## Problem requirements
The entire listing below is to be written out exactly, minus the pictures.

───── Data provided ─────

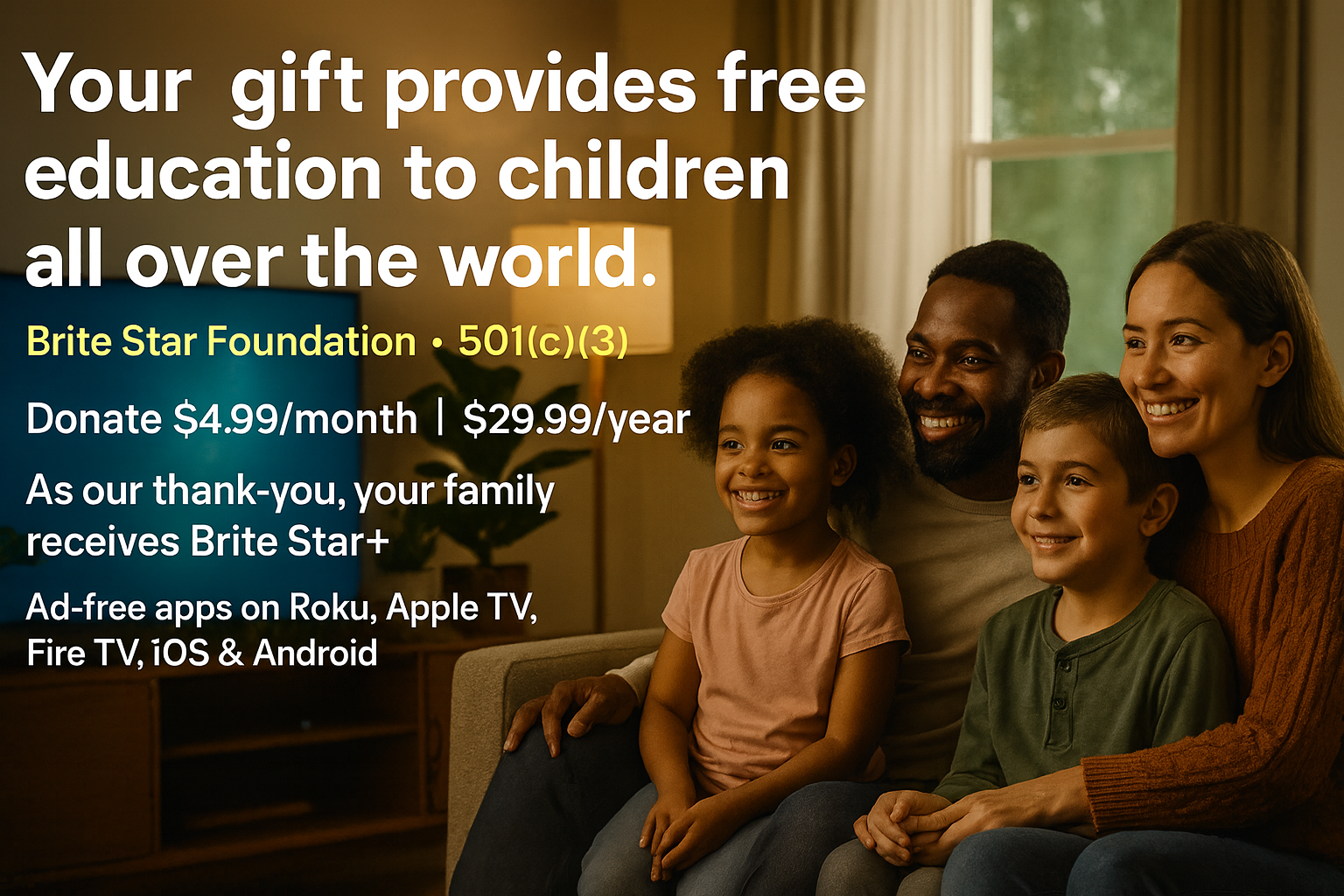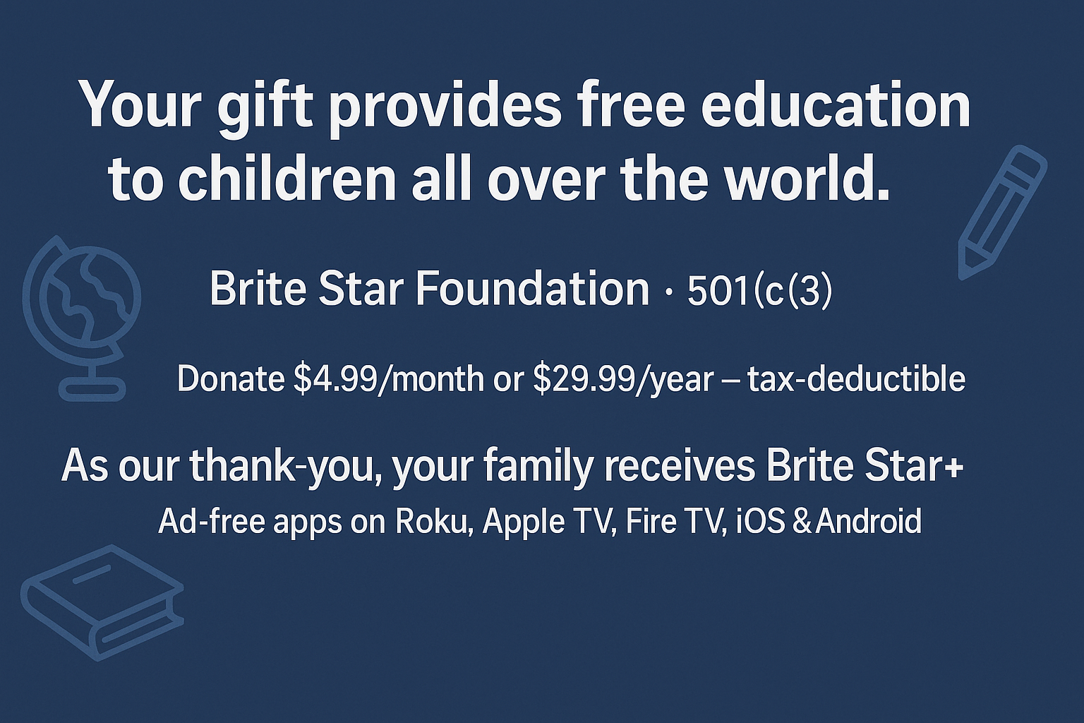 When you donate $4.99/month or $29.99/year, your gift helps us keep all Brite Star educational content free for children worldwide through our Brite Star Kids YouTube Channel.
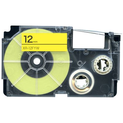 Prémiová páska Casio XR-12FYW, 8m, 12mm, fluorescent vo farbe čierna tlač / žltý podklad poskytuje vynikajúcu kvalitu tlače, zvýšenú odolnosť a profesionálny vzhľad pre náročné aplikácie.
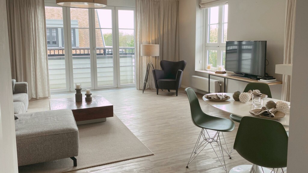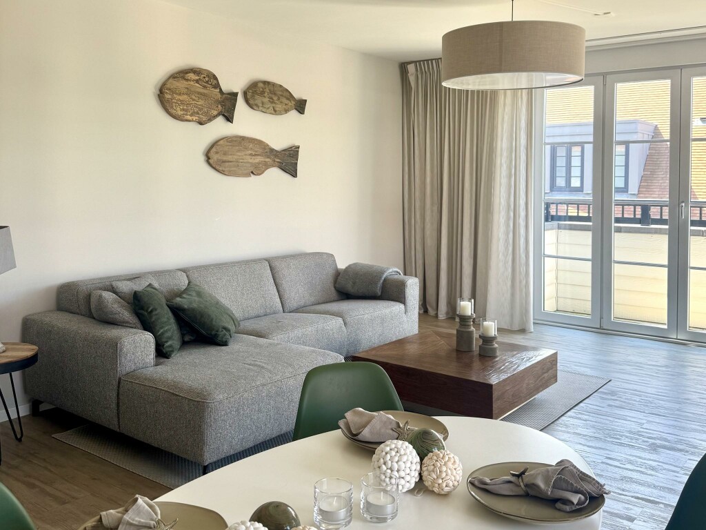 Via de ruime hal bereikt u de sfeervolle en lichte woonkamer. De woonkamer heeft via openslaande deuren toegang tot 2 balkons waar u kunt genieten van een schitterend uitzicht op de duinen, het verder gelegen polderlandschap en het centrum van Cadzand-Bad.
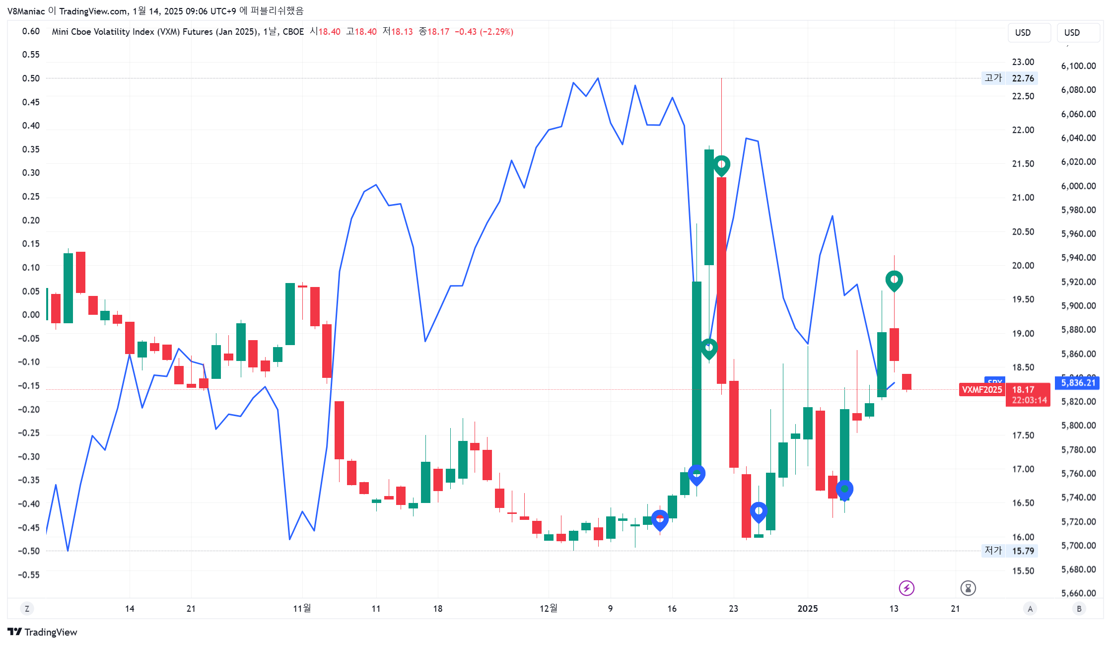 [미니 VIX 1월물 (캔들차트), S&P500 (파란선)]
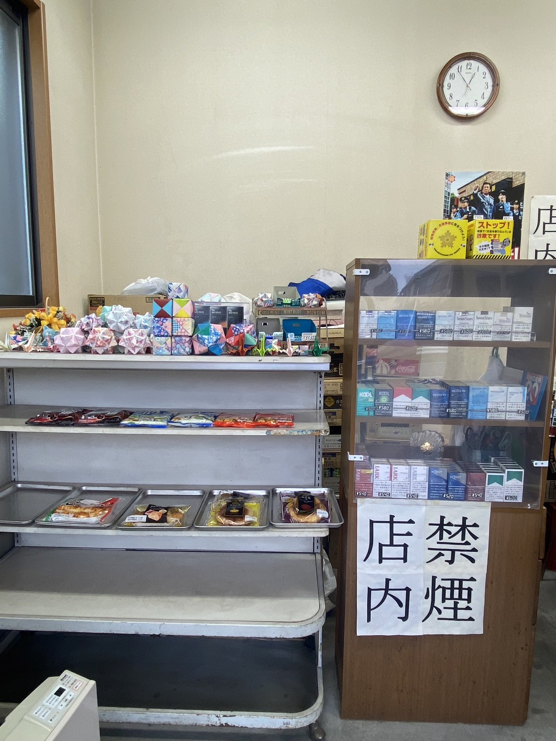 パン、ジュース、あめ、アイスクリーム、たばこ、雑誌 販売しています。
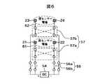 図6に示すように、スイッチ回路56は、電極21,22への電気配線61をオンオフするスイッチ56aと、電極23,24への電気配線62をオンオフするスイッチ56bとからなっている。換言すれば、スイッチ回路56は、排尿検知センサをオンオフするスイッチ56aと、排便検知センサをオンオフするスイッチ56bとからなっている。なお、図6は図1の排泄物検知センサ20の電気系統を模式的に示す図である。  As shown in FIG. 6, the

─────

## Exercise response
 When you donate $4.99/month or $29.99/year, your gift helps us keep all Brite Star educational content free for children worldwide through our Brite Star Kids YouTube Channel.
 Prémiová páska Casio XR-12FYW, 8m, 12mm, fluorescent vo farbe čierna tlač / žltý podklad poskytuje vynikajúcu kvalitu tlače, zvýšenú odolnosť a profesionálny vzhľad pre náročné aplikácie.
 Via de ruime hal bereikt u de sfeervolle en lichte woonkamer. De woonkamer heeft via openslaande deuren toegang tot 2 balkons waar u kunt genieten van een schitterend uitzicht op de duinen, het verder gelegen polderlandschap en het centrum van Cadzand-Bad.
 [미니 VIX 1월물 (캔들차트), S&P500 (파란선)]
 パン、ジュース、あめ、アイスクリーム、たばこ、雑誌 販売しています。
 図6に示すように、スイッチ回路56は、電極21,22への電気配線61をオンオフするスイッチ56aと、電極23,24への電気配線62をオンオフするスイッチ56bとからなっている。換言すれば、スイッチ回路56は、排尿検知センサをオンオフするスイッチ56aと、排便検知センサをオンオフするスイッチ56bとからなっている。なお、図6は図1の排泄物検知センサ20の電気系統を模式的に示す図である。  As shown in FIG. 6, the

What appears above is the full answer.